▽
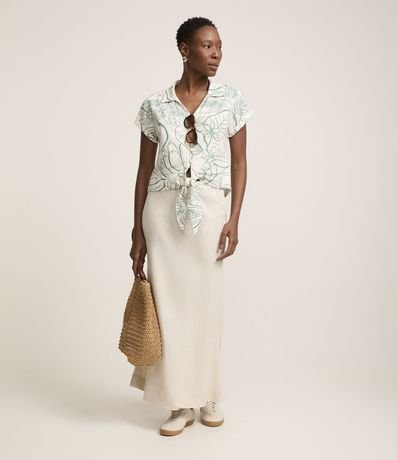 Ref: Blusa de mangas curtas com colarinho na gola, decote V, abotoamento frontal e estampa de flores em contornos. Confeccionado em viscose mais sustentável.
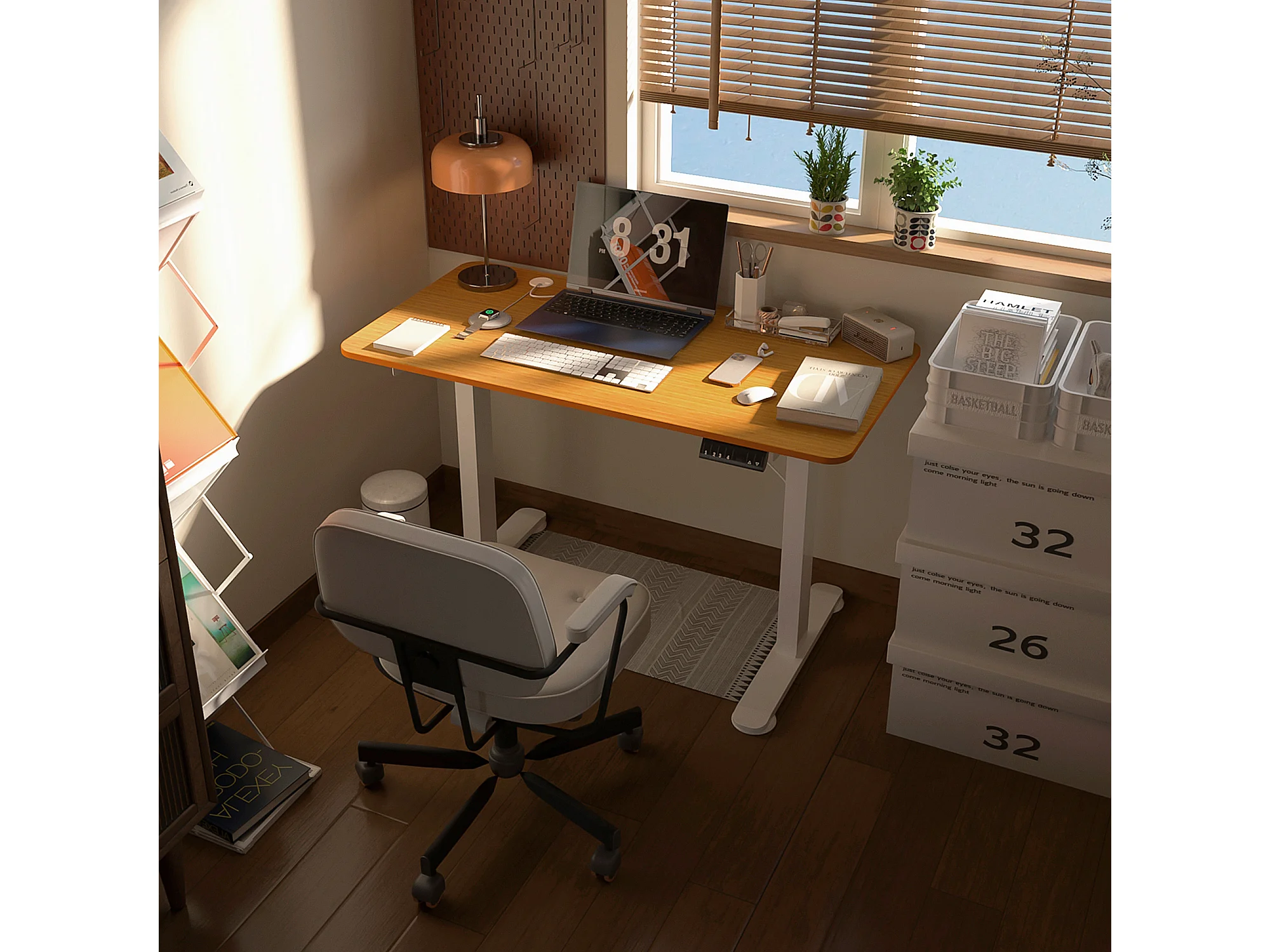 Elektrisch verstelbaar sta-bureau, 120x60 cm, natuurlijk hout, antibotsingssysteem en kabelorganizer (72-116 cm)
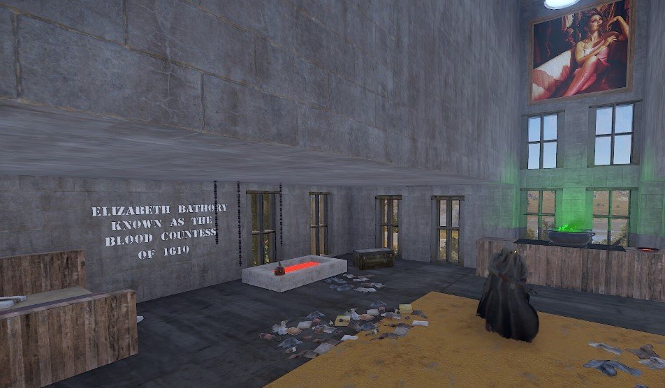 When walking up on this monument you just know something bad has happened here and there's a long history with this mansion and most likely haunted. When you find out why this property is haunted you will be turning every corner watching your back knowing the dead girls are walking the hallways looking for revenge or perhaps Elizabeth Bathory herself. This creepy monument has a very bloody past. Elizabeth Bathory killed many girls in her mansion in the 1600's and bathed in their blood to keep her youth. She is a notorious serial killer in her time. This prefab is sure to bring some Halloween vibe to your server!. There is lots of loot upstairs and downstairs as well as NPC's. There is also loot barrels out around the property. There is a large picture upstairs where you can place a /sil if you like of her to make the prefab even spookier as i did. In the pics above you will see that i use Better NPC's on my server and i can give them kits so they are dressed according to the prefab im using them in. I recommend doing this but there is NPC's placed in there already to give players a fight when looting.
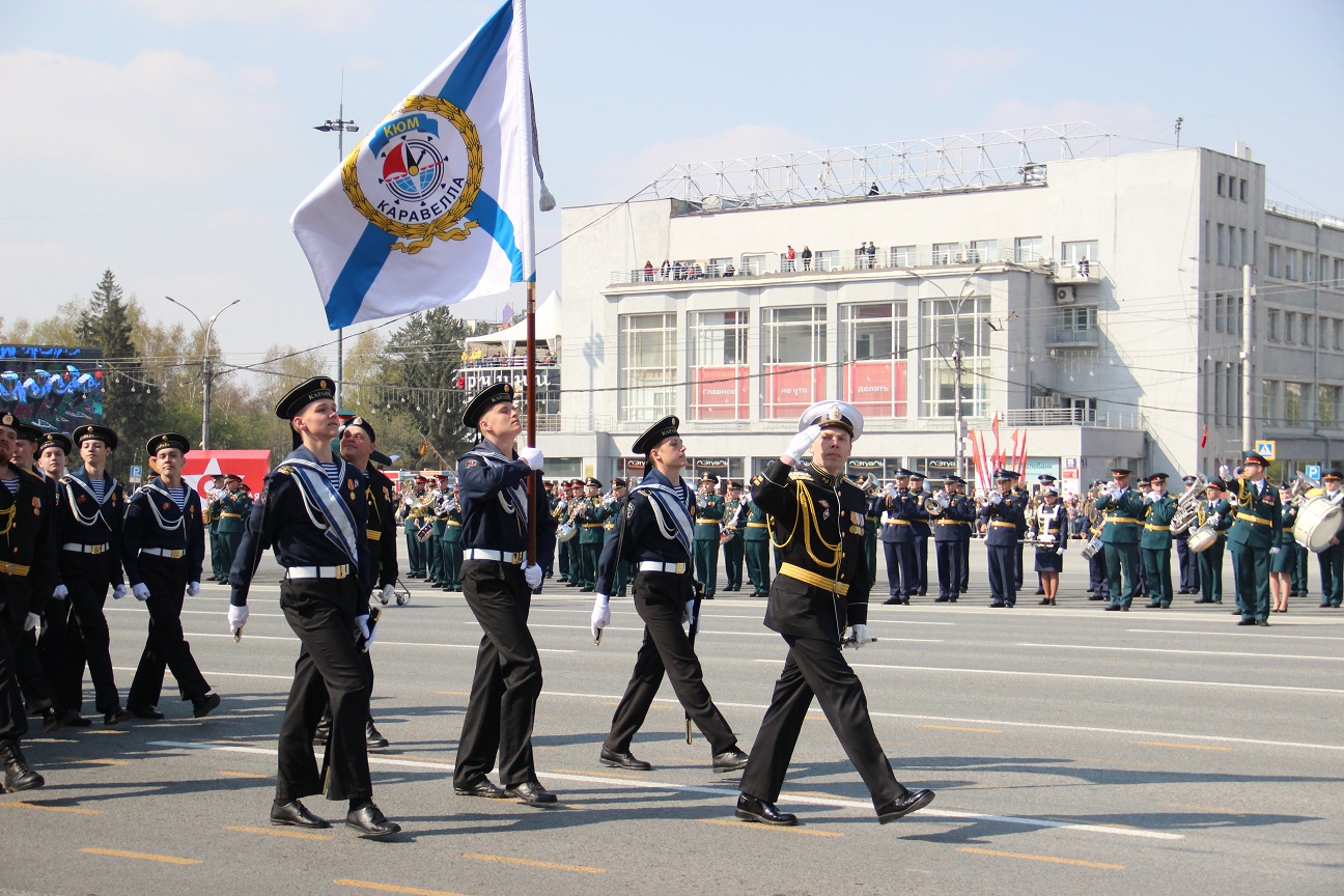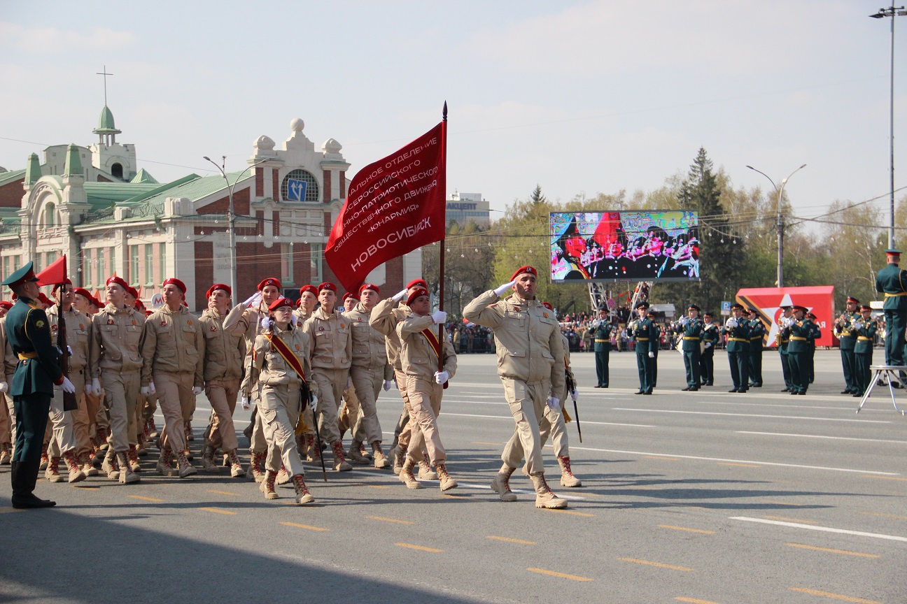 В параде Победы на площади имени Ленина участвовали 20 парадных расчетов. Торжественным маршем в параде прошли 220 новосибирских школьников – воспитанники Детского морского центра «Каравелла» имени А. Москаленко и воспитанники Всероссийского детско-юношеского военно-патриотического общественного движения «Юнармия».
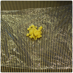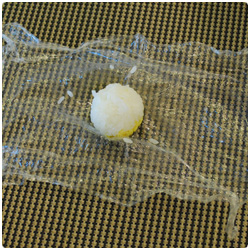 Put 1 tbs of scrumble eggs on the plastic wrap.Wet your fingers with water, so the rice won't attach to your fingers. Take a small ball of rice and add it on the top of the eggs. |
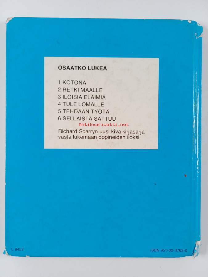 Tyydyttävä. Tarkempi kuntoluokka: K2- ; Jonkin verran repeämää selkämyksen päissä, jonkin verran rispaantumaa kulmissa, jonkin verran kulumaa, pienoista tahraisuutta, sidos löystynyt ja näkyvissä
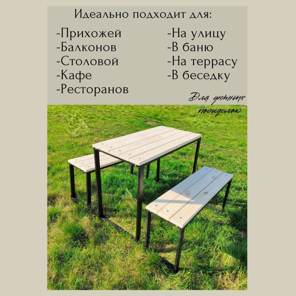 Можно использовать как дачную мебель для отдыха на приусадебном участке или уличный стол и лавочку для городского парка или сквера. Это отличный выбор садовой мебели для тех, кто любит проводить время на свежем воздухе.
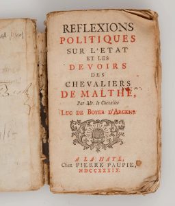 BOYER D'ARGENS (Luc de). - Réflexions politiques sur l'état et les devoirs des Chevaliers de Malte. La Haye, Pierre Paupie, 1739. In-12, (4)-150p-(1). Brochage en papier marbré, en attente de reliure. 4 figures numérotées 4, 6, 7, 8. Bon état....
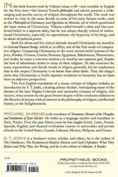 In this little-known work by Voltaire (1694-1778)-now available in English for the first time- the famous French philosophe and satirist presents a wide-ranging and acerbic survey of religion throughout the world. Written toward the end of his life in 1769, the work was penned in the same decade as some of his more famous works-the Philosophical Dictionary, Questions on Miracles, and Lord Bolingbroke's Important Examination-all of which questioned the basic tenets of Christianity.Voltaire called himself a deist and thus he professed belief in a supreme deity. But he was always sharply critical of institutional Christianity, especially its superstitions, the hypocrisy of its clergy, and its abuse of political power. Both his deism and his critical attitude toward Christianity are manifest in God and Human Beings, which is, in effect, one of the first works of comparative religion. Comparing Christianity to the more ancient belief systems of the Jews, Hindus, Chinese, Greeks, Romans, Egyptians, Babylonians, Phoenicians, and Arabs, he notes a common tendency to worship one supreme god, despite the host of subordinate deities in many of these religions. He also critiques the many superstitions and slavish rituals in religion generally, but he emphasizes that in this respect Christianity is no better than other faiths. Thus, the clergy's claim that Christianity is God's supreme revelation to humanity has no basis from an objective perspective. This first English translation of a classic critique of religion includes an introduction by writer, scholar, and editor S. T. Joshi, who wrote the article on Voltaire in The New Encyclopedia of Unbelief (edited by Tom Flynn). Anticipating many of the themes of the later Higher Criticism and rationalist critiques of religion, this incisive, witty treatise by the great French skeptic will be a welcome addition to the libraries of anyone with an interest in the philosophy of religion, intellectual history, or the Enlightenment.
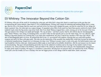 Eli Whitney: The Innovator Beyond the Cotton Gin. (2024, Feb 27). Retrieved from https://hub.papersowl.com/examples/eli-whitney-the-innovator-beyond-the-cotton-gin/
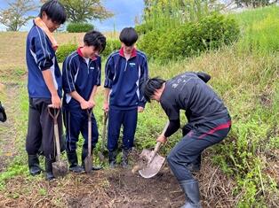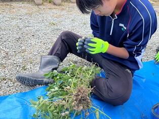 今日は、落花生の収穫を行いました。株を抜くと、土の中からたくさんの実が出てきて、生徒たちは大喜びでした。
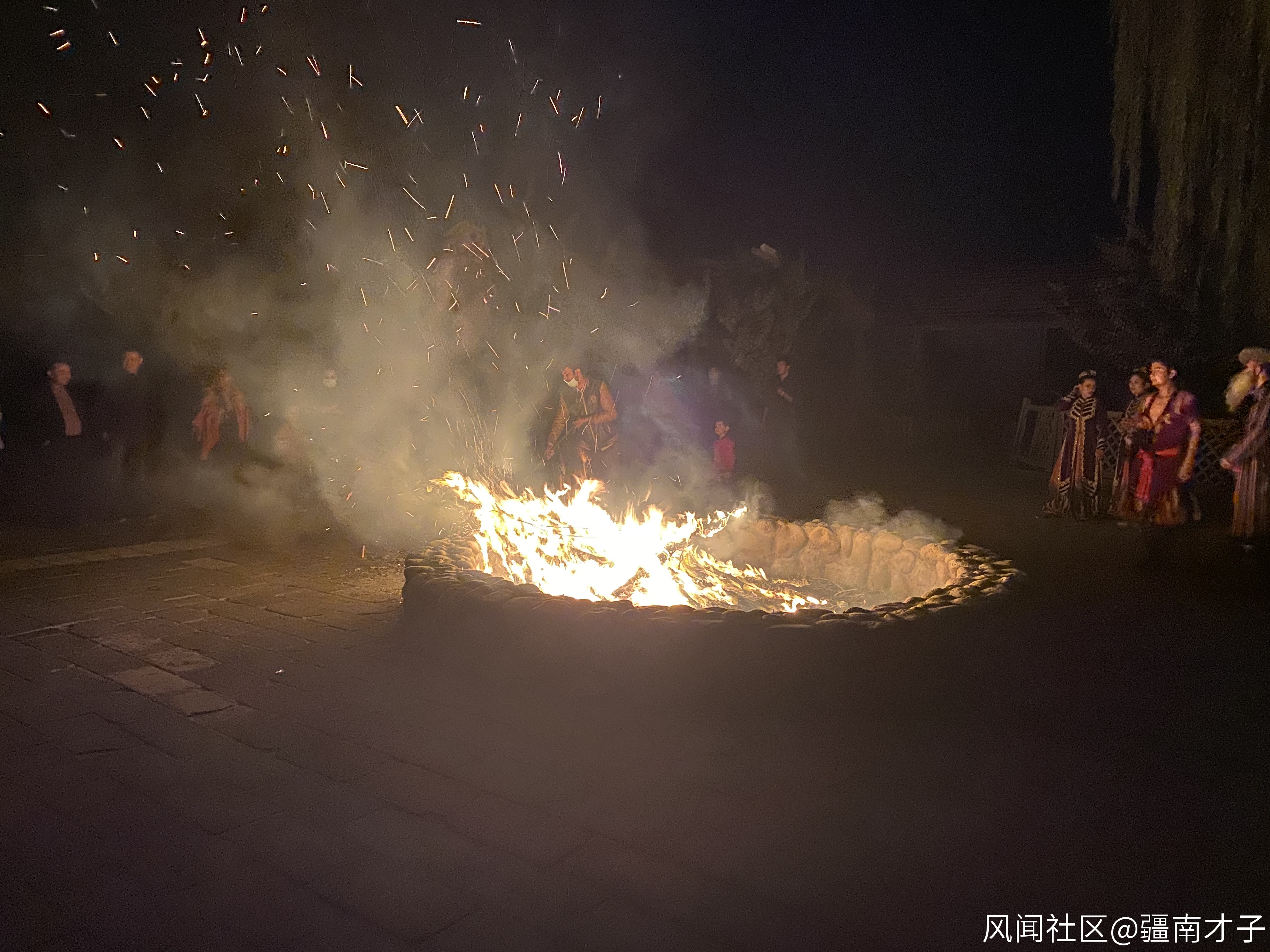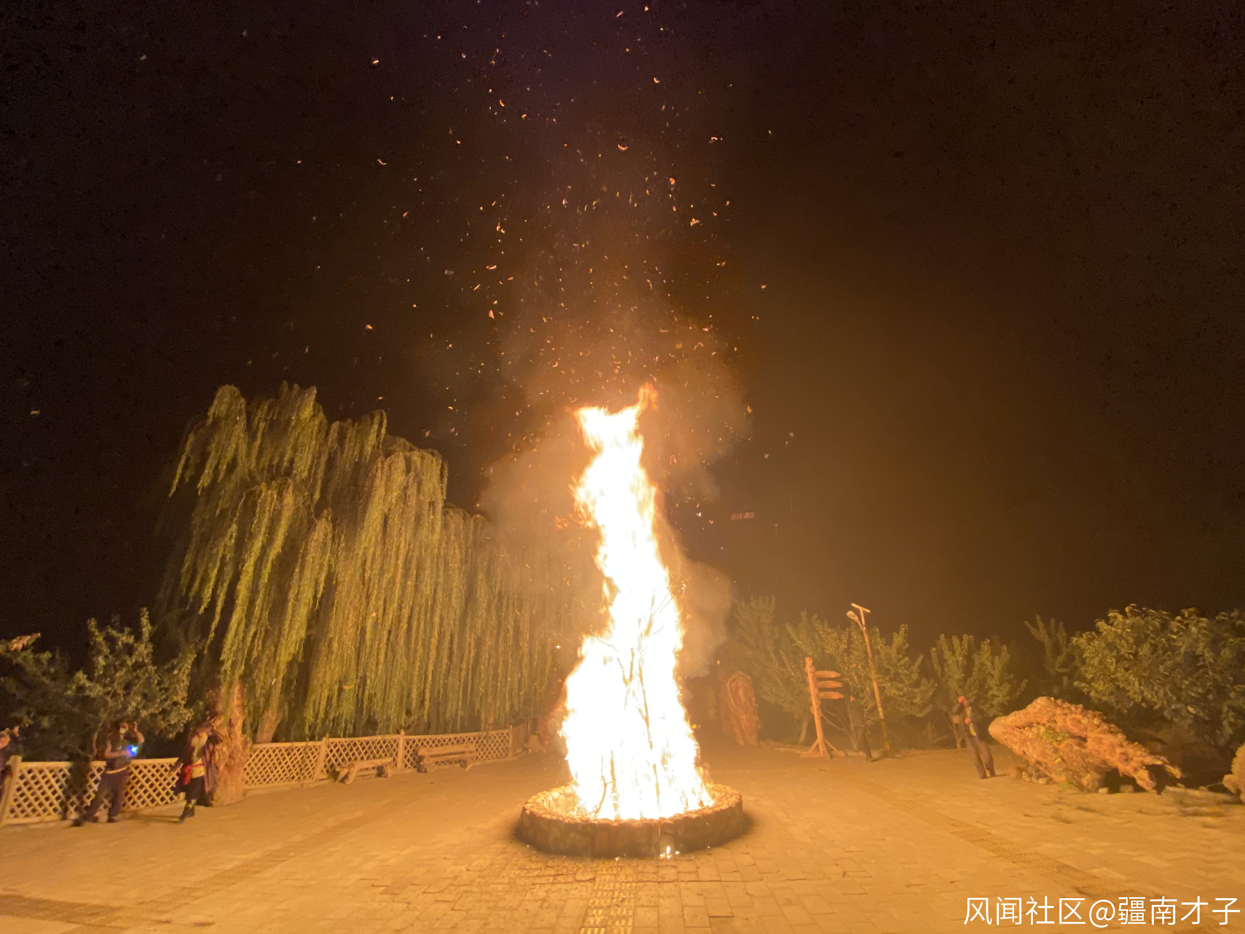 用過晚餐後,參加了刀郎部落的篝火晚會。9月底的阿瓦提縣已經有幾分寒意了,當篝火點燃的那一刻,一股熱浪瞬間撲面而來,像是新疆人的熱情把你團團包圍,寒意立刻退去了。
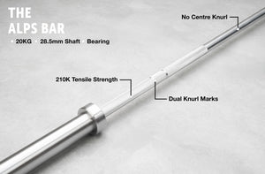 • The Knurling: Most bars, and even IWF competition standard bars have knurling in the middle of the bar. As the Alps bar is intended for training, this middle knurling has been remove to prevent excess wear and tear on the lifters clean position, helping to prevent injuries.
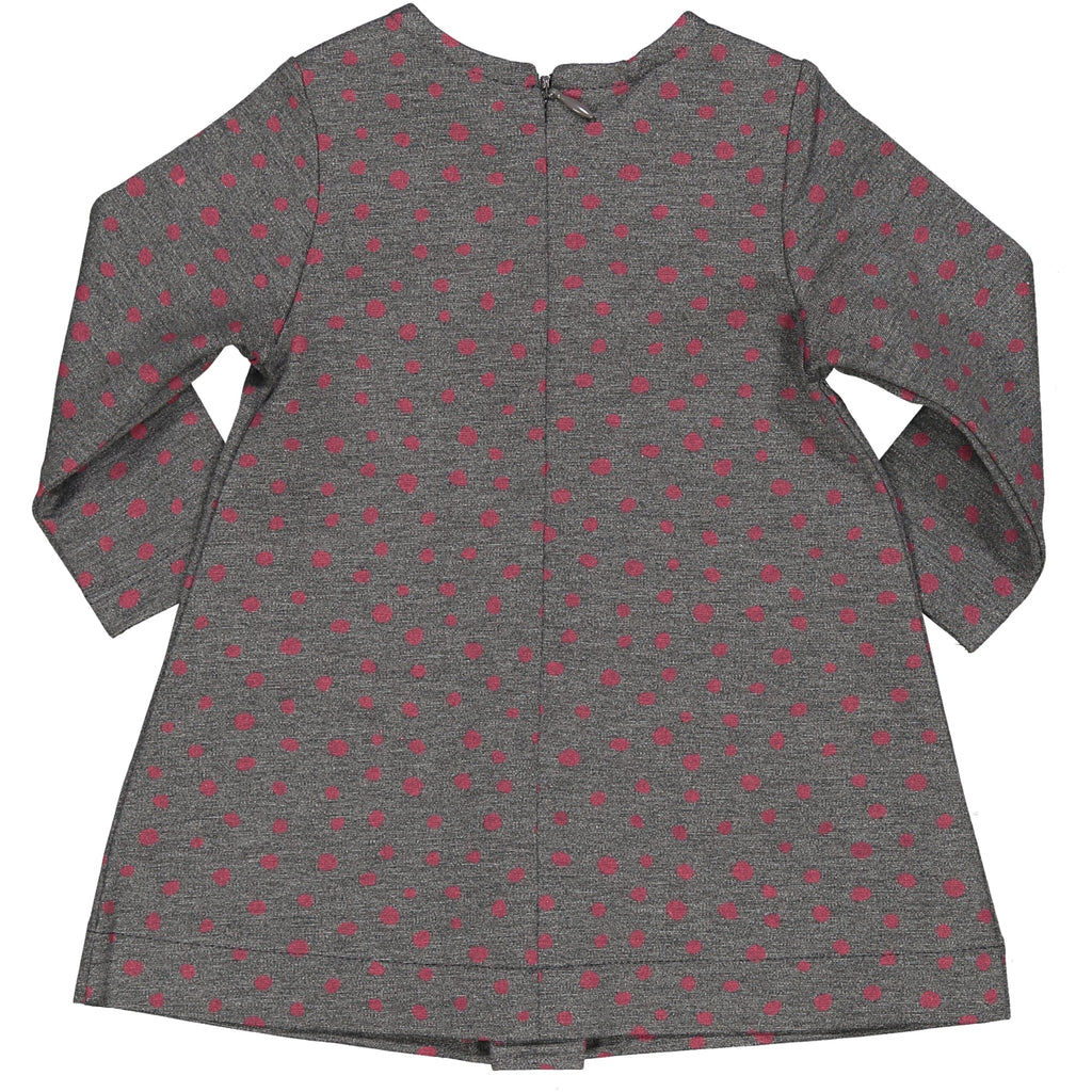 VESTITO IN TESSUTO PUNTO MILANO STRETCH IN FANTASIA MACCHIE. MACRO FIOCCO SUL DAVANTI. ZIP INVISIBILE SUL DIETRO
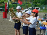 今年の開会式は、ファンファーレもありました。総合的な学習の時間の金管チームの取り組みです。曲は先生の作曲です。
△
_Exercise requirements_.
Retype the records above word for word, from their first line through the line containing "Elektrisch verstelbaar sta-bureau, 120x60", and leave out every picture.

_Response area_.
 Ref: Blusa de mangas curtas com colarinho na gola, decote V, abotoamento frontal e estampa de flores em contornos. Confeccionado em viscose mais sustentável.
 Elektrisch verstelbaar sta-bureau, 120x60 cm, natuurlijk hout, antibotsingssysteem en kabelorganizer (72-116 cm)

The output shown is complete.